Bullying used to be considered the bane of many learners in primary and high schools, but the reach of the Internet today allows many more people, including university students and adults, to bully. In fact, online harassment has been the .subject of many high-profile court cases recently. Cyberbullying is more subtle than personal attacks, and students might not realise they have been pulled into the web until they are dealing with serious issues related to it.
These were some of the concerns shared by internet and social media PhD scholar and lecturer Ms Amilia Moremogolo Malebane, who spoke at a dialogue at the University of Johannesburg (UJ)’s Bunting campus on Friday, 21 September 2018. The dialogue was hosted by the South African Human Rights Commission (SAHRC) in collaboration with UJ’s Community Engagement (CE) division, under the theme “Cyberbullying and rape culture at tertiary institutions: Your body, your rights”.
From Left to Right: Ms Lebogang Mawelela, UJ Community Engagement Specialist; Ms Amilia Moremogolo Malebane, PhD Scholar/ Lecturer (Internet & Social Media); Ms Mandisa Khanyile, #TotalShutDown National Steering Committee leader; Palesa Setsubi, UJ student, Ms Lebogang Mokhomatha, UJ Government & Stakeholder Relations Liaison and Mr Thompson Mkansi, UJ Protection Services Manager, APB Campus.
Ms Malebane said it was high time that “social media” became part of the curriculum that is taught at schools and universities to help create awareness among those who were not familiar with it. Students across the country have been calling on universities to overhaul policies to tackle the scourge of sexual offences and harassment or assault.
Lebohang Mokhomatha, a government stakeholder relations representative at UJ, explained that it was important that students know that they are going to be listened to when they voiced their concerns regarding violence.
“The reason why we are having these conversations, especially from a community engagement perspective, is because some of the things we get from these dialogues, we will take out to our communities that we work with,” she said.

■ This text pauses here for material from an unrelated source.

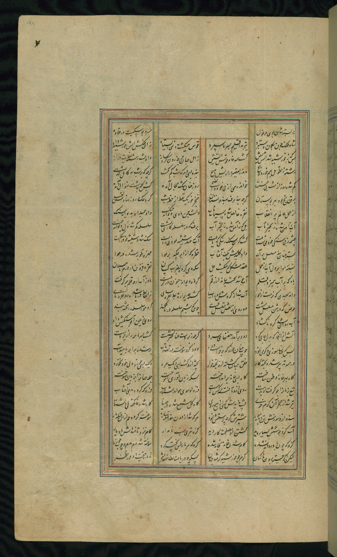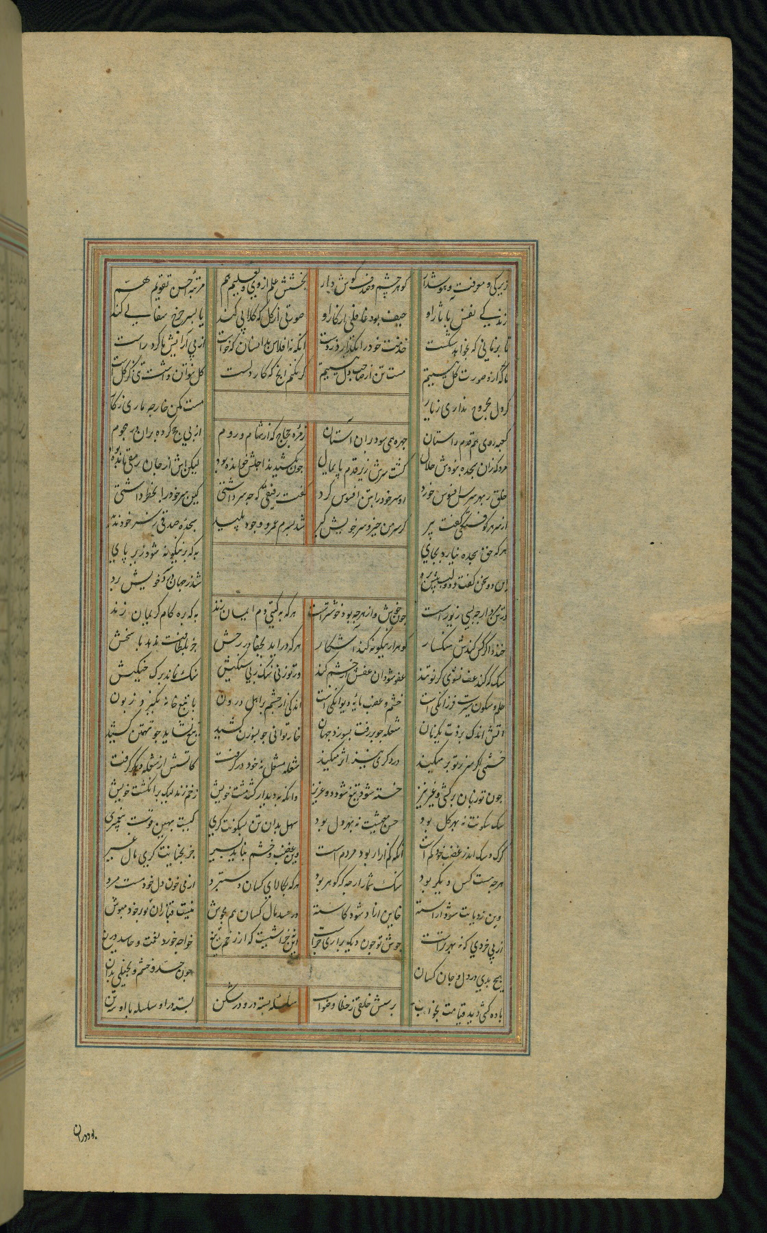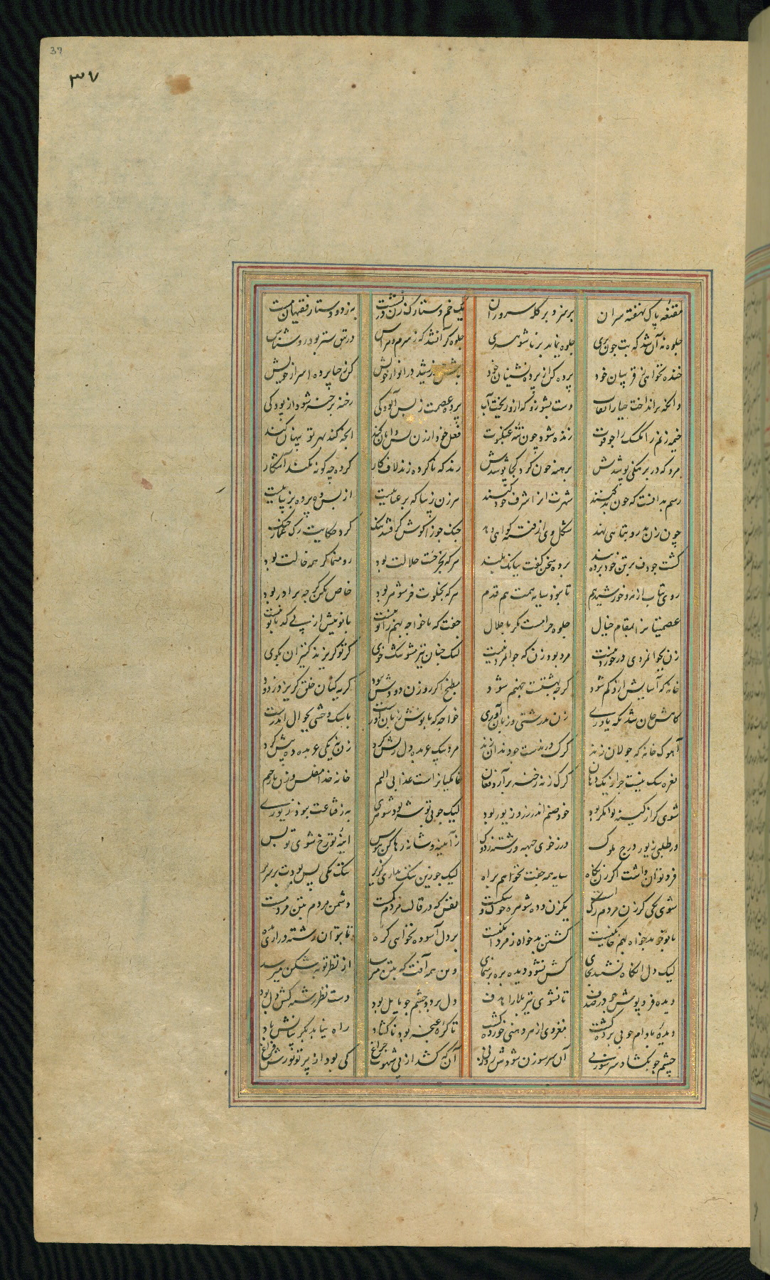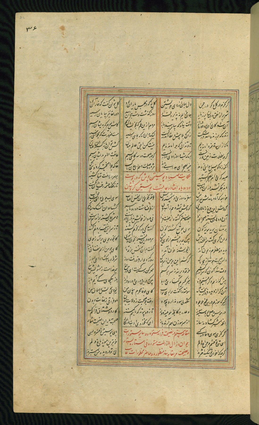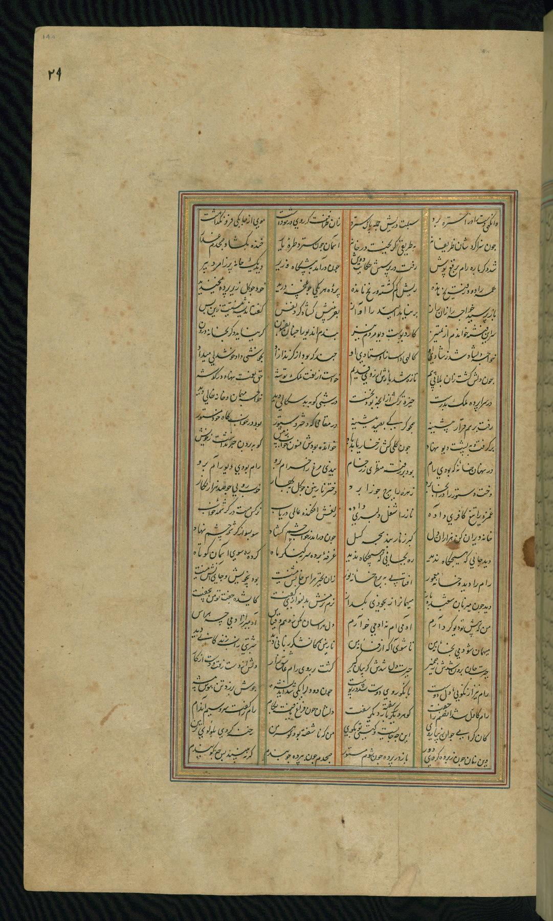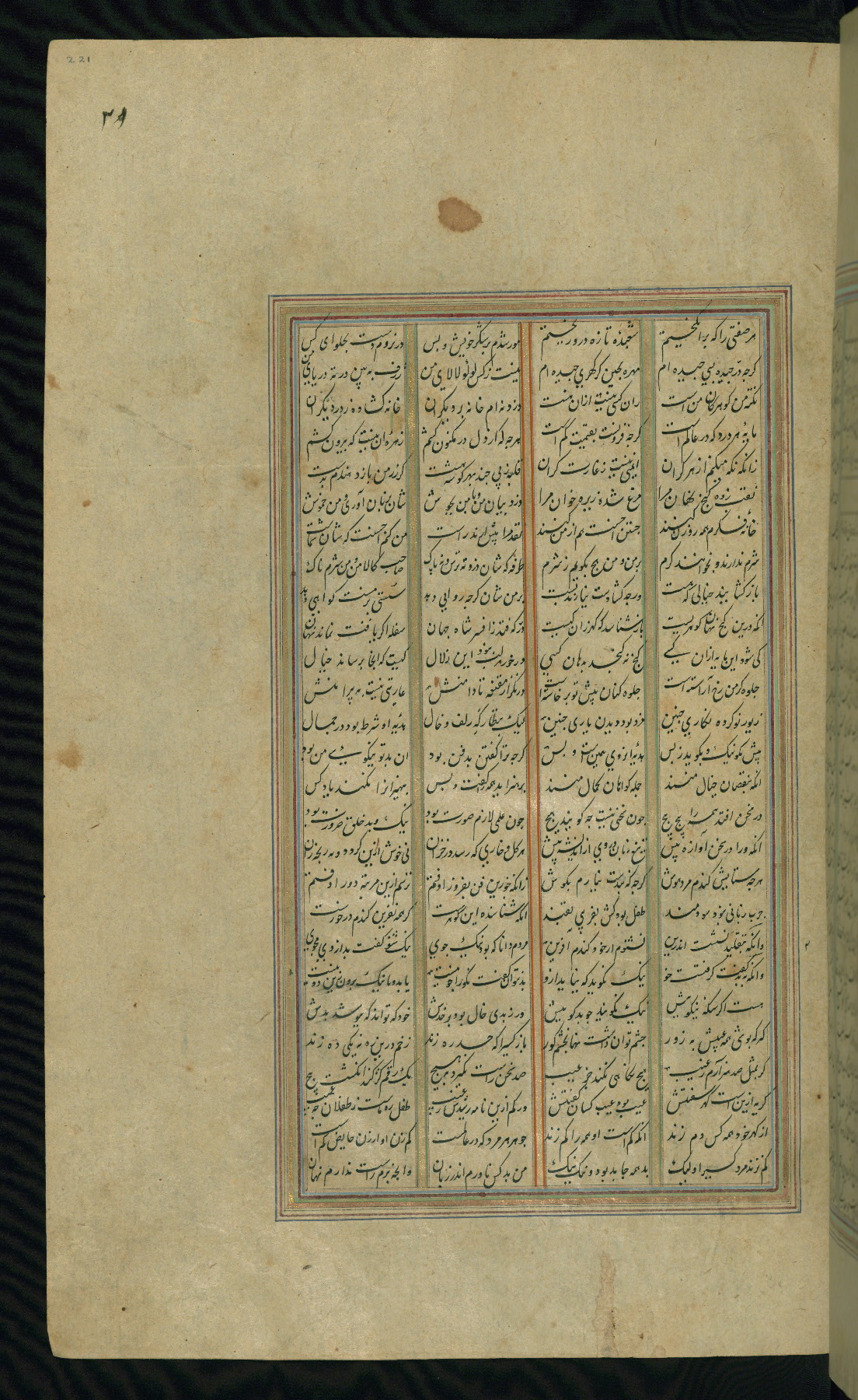 This illuminated and illustrated manuscript contains the Khamsah (quintet) and two historical poems (masnavi), Qirān-i saʿdayn and Nuh sipihr, by Amīr Khusraw Dihlavī (d. 725 AH / 1325 CE). The codex is dated 1017 AH / 1609 CE and was produced in Safavid Iran. All texts are written in black nastaʿlīq script with chapter headings in red. The manuscript opens with an illuminated and illustrated frontispiece of a hunting and court scene in the early Safavid style (fols. 1b-2a). The first text is Khamsah-i Dihlavī (fols. 2b-192a), which is introduced by an illuminated incipit and titlepiece with the title of the first poem of the quintet and the author's name. The second text is Qirān-i saʿdayn, a historical poem (masnavi) about the meeting of Sultan Muʿizz al-Dīn Kayqubād and his father, Nāṣir al-Din Bughrā Khān, on the banks of the Sarjū in Oudh. It is also introduced with an illuminated incipit and titlepiece (fol. 193b). The third text is Nuh sipihr, a historical poem (masnavi) describing the glories of Sultan Quṭb al-Dīn Mubārak Shāh Khaljī’s time, introduced with an illuminated incipit and headpiece (fol. 223b). The dark brown leather binding is original to the manuscript.

SAHRC spokesperson Gushwell Brooks said “the purpose of the dialogue was to educate and advocate for the right to freedom of the person, human dignity and privacy as well as bodily and psychological integrity at tertiary institutions”.He added that the dialogue was also a platform for engagement on the position of the right to privacy within the digital space.
Feminist activist Mandisa Khanyile, who was behind anti-gender-based violence campaign #TotalShutDown, was also in attendance.
“There’s a sense of safety that people have when they are behind the keyboard. They think that because they are behind the screens of their cellphones they can do and say whatever they want,” she said.
She defined cyberbullying as “distributing information about someone, harassment and incitement of crimes, and frauds of different types”.
She added that there should be more seminars to encourage students to report bullying.